Além do isolamento e da ausência de cuidados de saúde, Goldaracena citou as condições de trabalho brutais como uma das principais causas de mortes a bordo.
"Os pescadores muitas vezes trabalham horas extremas — às vezes até 20 horas por dia, sem um único dia de folga", disse ela, se referindo a um caso documentado envolvendo uma embarcação de bandeira chinesa, onde os trabalhadores eram obrigados a contratos de dois anos.
"O custo da exaustão prolongada enfraquece o sistema imunológico e diminui a capacidade de reagir ao perigo", disse ela. "Essas condições desumanas aumentam o risco de acidentes, doenças — e, por fim, morte."
As conclusões se alinham com uma investigação separada publicada pelo The Outlaw Ocean Project em outubro de 2023, que descreve em detalhes as condições análogas à escravidão enfrentadas pelos trabalhadores a bordo dos navios de pesca chineses.
O relatório "Uma frota destinada ao trabalho cativo e aos saques" descreve a forma como os cuidados médicos inadequados, o isolamento extremo e a exaustão física conduziram a mortes frequentes no mar.
Um caso chamou a atenção do mundo em junho de 2023, quando uma mensagem dentro de uma garrafa apareceu em uma praia de Punta del Este, no Uruguai, cerca de 110 km a leste de Montevidéu.
"Olá, sou um membro da tripulação do navio Lu Qing Yuan Yu 765 e fui preso pela empresa", dizia a nota escrita à mão. "Quando virem este papel, por favor ajudem-me a chamar a polícia! S.O.S. S.O.S."
O pedido de socorro evidenciou o desespero dos trabalhadores presos a bordo de embarcações de águas profundas durante meses, às vezes por anos, sem qualquer alívio.
Em resposta, a operadora do navio, a Qingdao Songhai Fishery, negou as acusações, as considerando invenções de membros da tripulação descontentes.
Empresas chinesas com histórico criminal
O relatório da ITF se concentra em duas empresas chinesas: a Rongcheng Homey Ocean Fishing, que opera seis embarcações com registros criminais documentados, e a Rongcheng Rongyuan Fishery, proprietária de 50 barcos de pesca e quatro navios de carga.
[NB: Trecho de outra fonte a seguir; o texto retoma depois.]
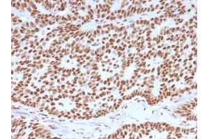 This monoclonal antibody is specific to estrogen receptor alpha (ER alpha) and shows minimal cross-reaction with other members of the family. ER is an important regulator of growth and differentiation in the mammary gland. Presence of ER in breast tumors indicates an increased likelihood of response to anti-estrogen (e.g. tamoxifen) therapy. It strongly stains nuclei of epithelial cells in breast carcinomas.

Entre os incidentes mais graves relacionados à segunda companhia, se destaca a captura do navio Lu Rong Yuan Yu 668, em 2020, nas águas territoriais da Argentina, onde foi flagrado praticando pesca ilegal. O navio tentou fugir e resistiu à detenção.
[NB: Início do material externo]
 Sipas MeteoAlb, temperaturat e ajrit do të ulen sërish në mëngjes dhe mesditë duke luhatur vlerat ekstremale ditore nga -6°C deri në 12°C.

Em ambas as empresas foram encontradas evidências de mortes suspeitas de tripulantes, incluindo o caso de um corpo que ficou armazenado no porão de um navio durante sete meses. Além disso, membros da tripulação foram desembarcados em portos peruanos e uruguaios com ferimentos potencialmente fatais e condições médicas críticas.
Estes não são casos isolados, alerta o relatório, mas fazem parte de um padrão mais amplo de exploração laboral e de violações dos direitos humanos no mar.
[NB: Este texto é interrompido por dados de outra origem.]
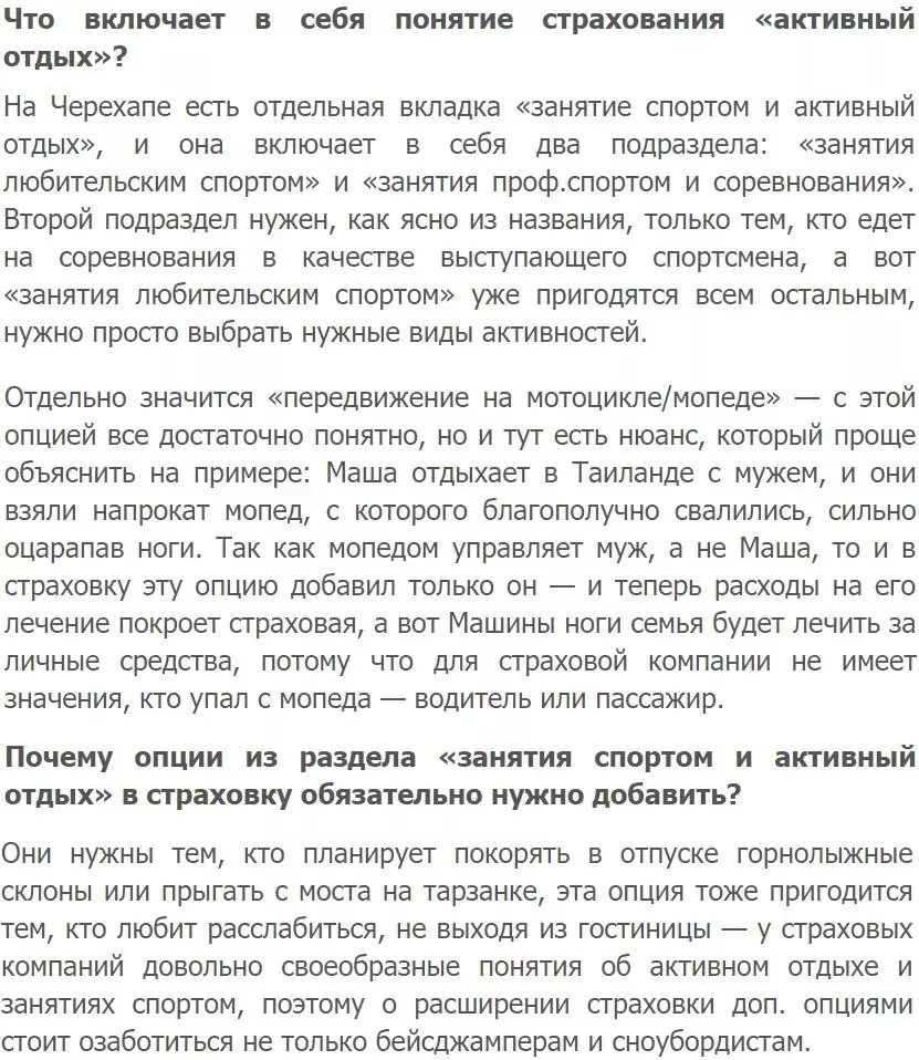 - Травмы, полученные в ходе занятий экстремальными видами спорта, относятся к отдельным страховым рискам. Если клиент практикует активный отдых, при подборе полиса необходимо выбрать конкретные виды спорта, которыми гражданин будет заниматься в поездке (это делается при помощи меню «Занятие спортом и активный отдых» в правой части страницы со списком найденных предложений). Если не сделать этого, компания может отказаться выплачивать компенсацию за травмы, полученные во время подобных занятий.

"As condições e o ambiente em que estes navios operam confirmam que os crimes contra os membros da tripulação são frequentes", segundo o documento. "Mas apenas uma fração é denunciada ou investigada."
Uma cultura de invisibilidade, segundo os autores do estudo, deixa as vítimas indefesas e os infratores impunes.